Supplied material →
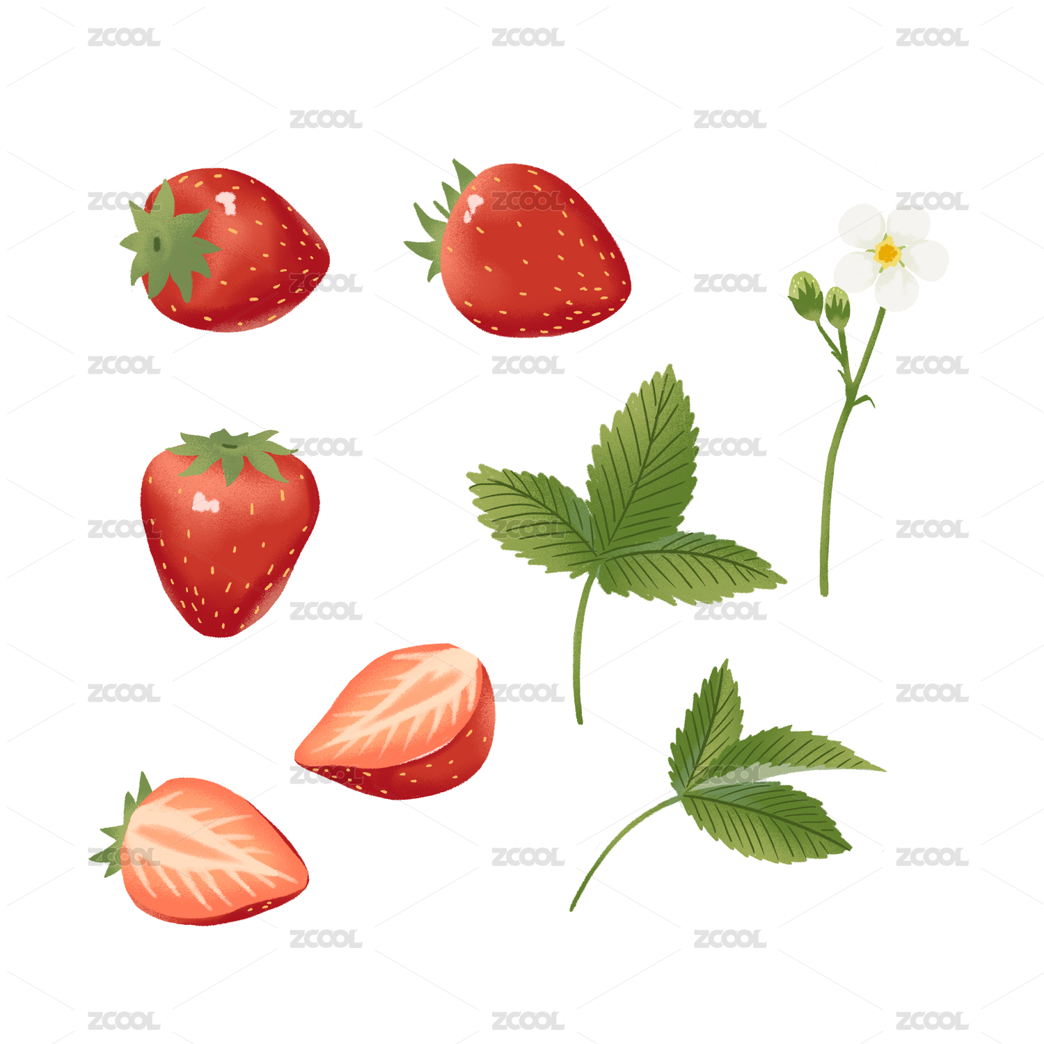 手绘风格草莓叶片花朵
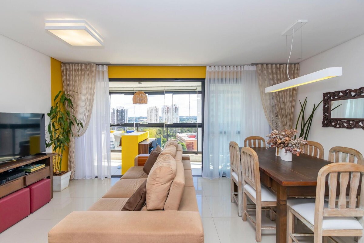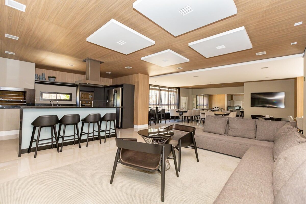 - Sala ampla para dois ambientes com sacada e churrasqueira, tornando o ambiente aconchegante, perfeita para momentos de descontração com a família e amigos
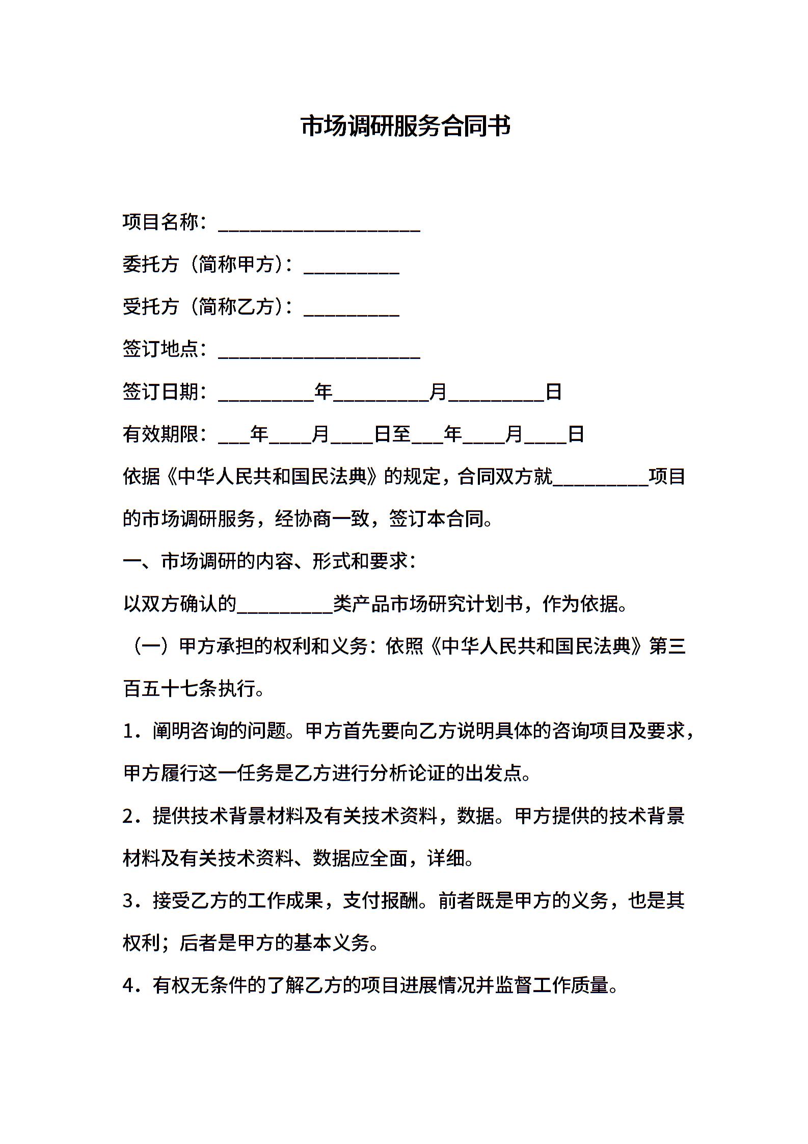 市场调研服务合同书
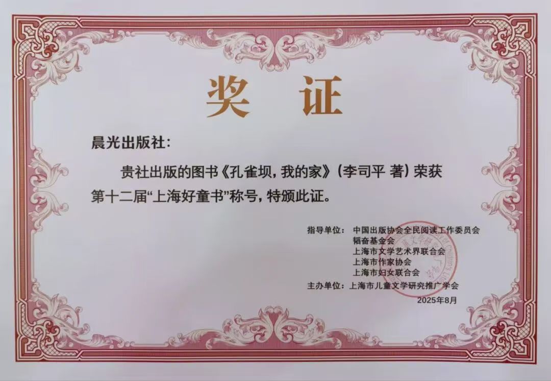 我州作家李司平的儿童文学《孔雀坝,我的家》一书,荣获2025年第十二届“上海好童书”称号。
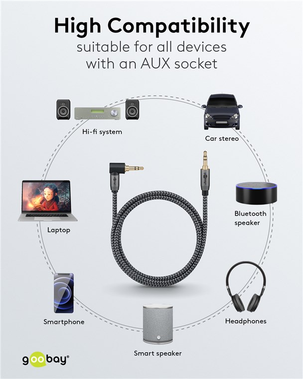 Die Goobay Plus Serie im schlanken, edlen Metalldesign in Sharkskin Grey. Das Klinkenkabel ist die Universallösung, um Sound von Smartphones, Laptops oder Tablets zu übertragen - für den bequemen Genuss von Musik, Podcasts oder Filmen über die HiFi-Anlage zu Hause oder das Autoradio unterwegs.
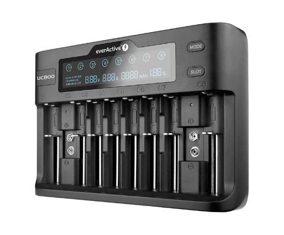 everActive UC800 punjač za baterije, Podržava 10 baterija, Kompatibilne veličine: 9v, AA, AAA, Ugrađeni displej, Ulazni napon 12 V
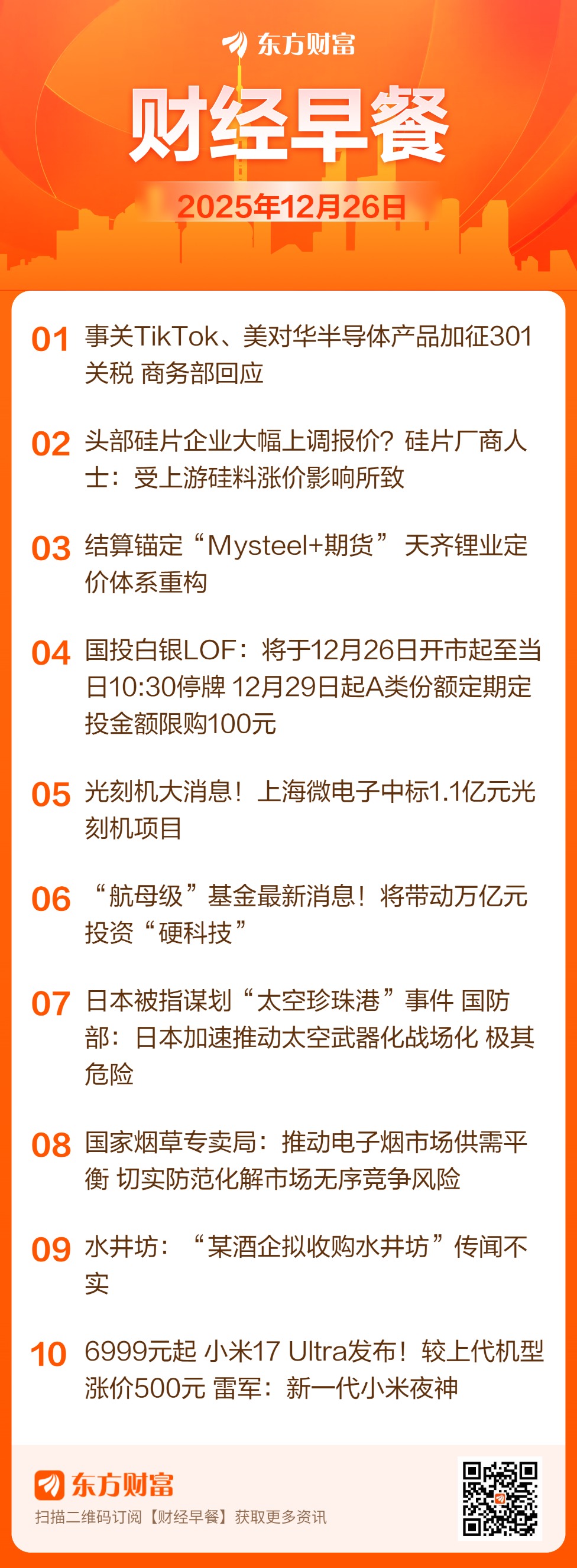 東方財(cái)富財(cái)經(jīng)早餐 12月26日周五
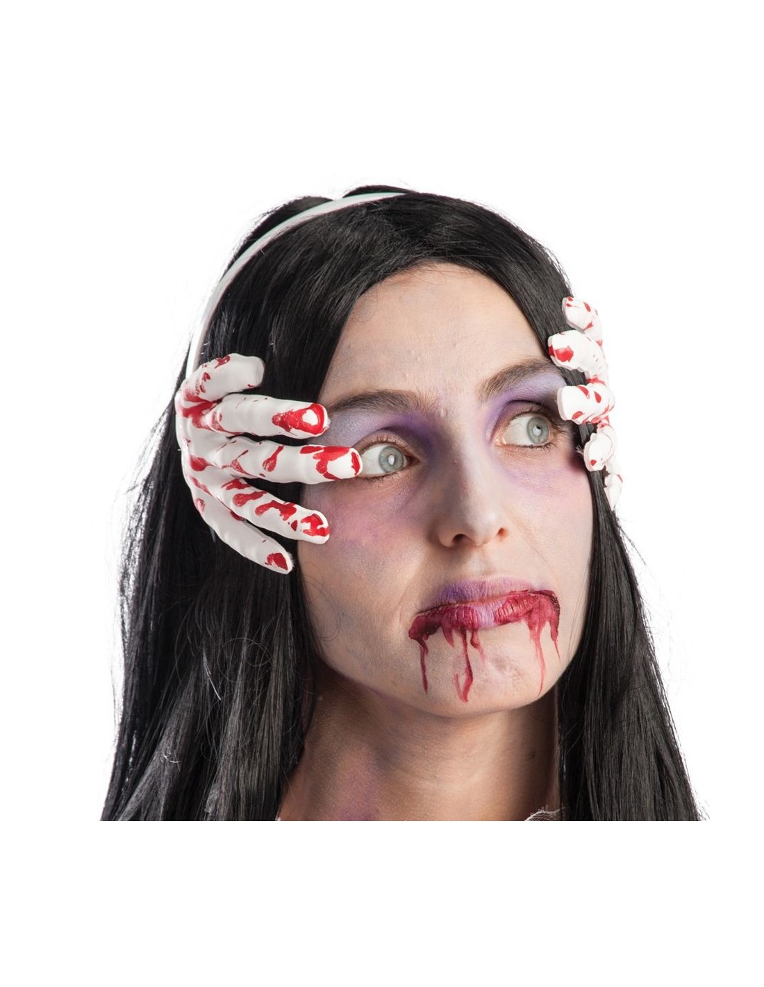 Il cerchietto mani insanguinate è l'accessorio perfetto per chi vuole aggiungere un tocco macabro e inquietante al proprio travestimento. Questo elemento scenico presenta delle mani dall'aspetto cadaverico che sembrano afferrare il volto, con dettagli realistici e macchie di sangue che creano un effetto davvero spaventoso. Il cerchietto è pratico da indossare e si adatta comodamente alla testa, permettendo di trasformare immediatamente qualsiasi look in una visione da incubo. Perfetto da abbinare a trucchi horror e costumi spaventosi per un effetto finale da brivido.
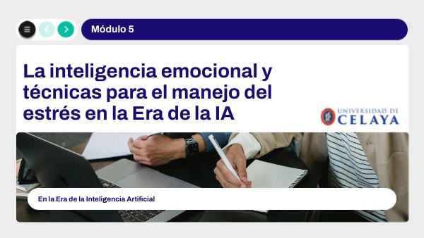Al finalizar este módulo, el particpante será capaz tomar decisiones efectivas para evitar la sobrecarga de estrés al poner en práctica sus habilidades para gestionar sus emociones y establecer mentas, claras y medibles, entre los miembros de un equipo de trabajo multidiscipolnario en la Era de la IA.
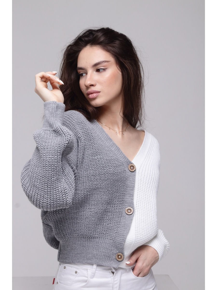 Двухцветный кардиган на пуговицах женский
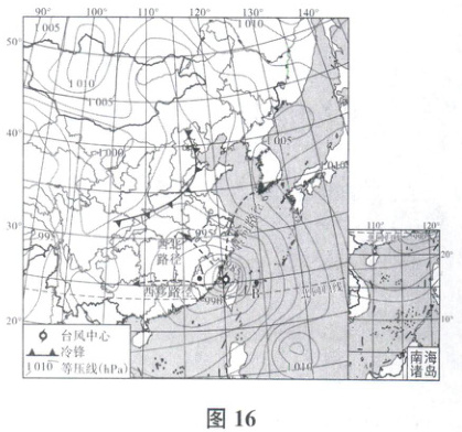 图16为“某年夏季T时刻亚洲部分地区的海平面气压分布图”。
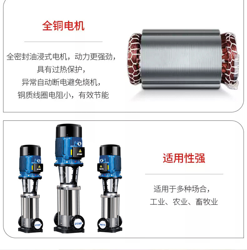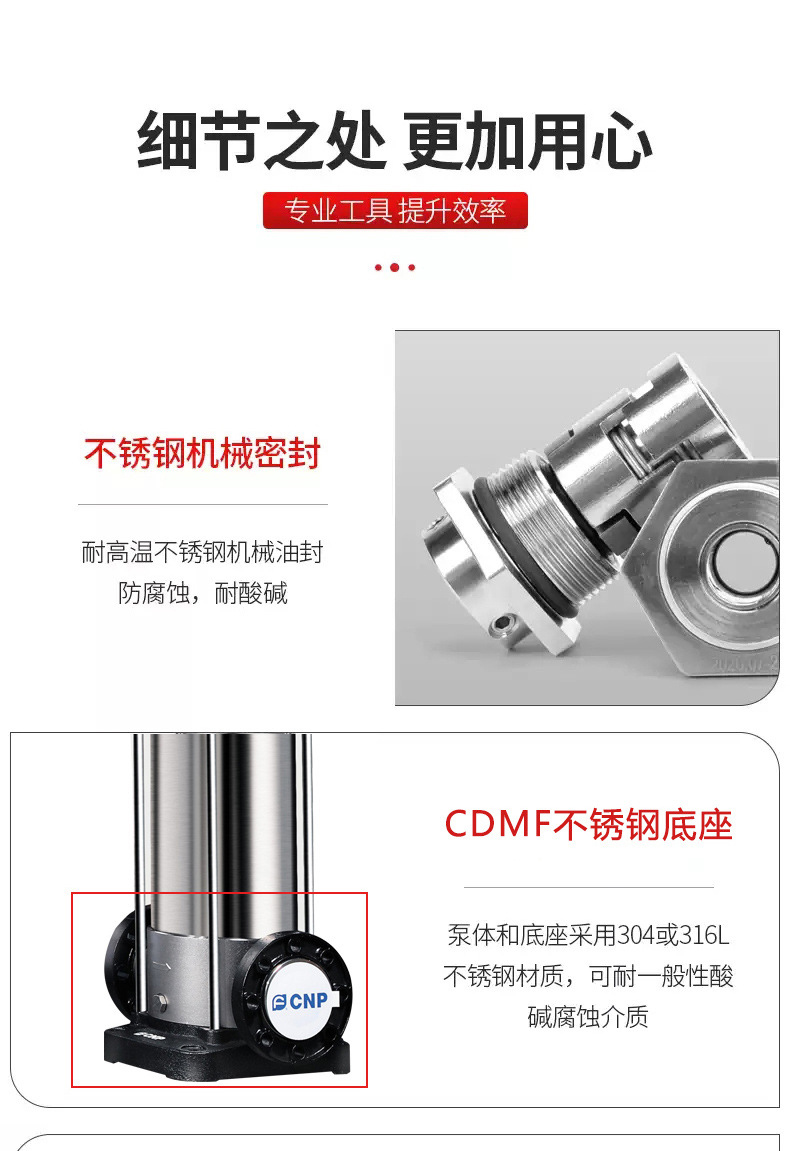 南方CDM/CDMF系列為參照歐洲標準最新自主研發(fā)的新一代、高效率非自吸立式多級離心泵。產品采用全新的工業(yè)設計,能效指標達到MEI≥0.7,具有節(jié)能、低噪、環(huán)保及機構緊湊、外觀美觀、重量輕、使用維護方便、可靠性高等特點。

Task item →
Down to the last line, reproduce the material above exactly; skip its images.

Solution →
 手绘风格草莓叶片花朵
 - Sala ampla para dois ambientes com sacada e churrasqueira, tornando o ambiente aconchegante, perfeita para momentos de descontração com a família e amigos
 市场调研服务合同书
 我州作家李司平的儿童文学《孔雀坝,我的家》一书,荣获2025年第十二届“上海好童书”称号。
 Die Goobay Plus Serie im schlanken, edlen Metalldesign in Sharkskin Grey. Das Klinkenkabel ist die Universallösung, um Sound von Smartphones, Laptops oder Tablets zu übertragen - für den bequemen Genuss von Musik, Podcasts oder Filmen über die HiFi-Anlage zu Hause oder das Autoradio unterwegs.
 everActive UC800 punjač za baterije, Podržava 10 baterija, Kompatibilne veličine: 9v, AA, AAA, Ugrađeni displej, Ulazni napon 12 V
 東方財(cái)富財(cái)經(jīng)早餐 12月26日周五
 Il cerchietto mani insanguinate è l'accessorio perfetto per chi vuole aggiungere un tocco macabro e inquietante al proprio travestimento. Questo elemento scenico presenta delle mani dall'aspetto cadaverico che sembrano afferrare il volto, con dettagli realistici e macchie di sangue che creano un effetto davvero spaventoso. Il cerchietto è pratico da indossare e si adatta comodamente alla testa, permettendo di trasformare immediatamente qualsiasi look in una visione da incubo. Perfetto da abbinare a trucchi horror e costumi spaventosi per un effetto finale da brivido.
Al finalizar este módulo, el particpante será capaz tomar decisiones efectivas para evitar la sobrecarga de estrés al poner en práctica sus habilidades para gestionar sus emociones y establecer mentas, claras y medibles, entre los miembros de un equipo de trabajo multidiscipolnario en la Era de la IA.
 Двухцветный кардиган на пуговицах женский
 图16为“某年夏季T时刻亚洲部分地区的海平面气压分布图”。
 南方CDM/CDMF系列為參照歐洲標準最新自主研發(fā)的新一代、高效率非自吸立式多級離心泵。產品采用全新的工業(yè)設計,能效指標達到MEI≥0.7,具有節(jié)能、低噪、環(huán)保及機構緊湊、外觀美觀、重量輕、使用維護方便、可靠性高等特點。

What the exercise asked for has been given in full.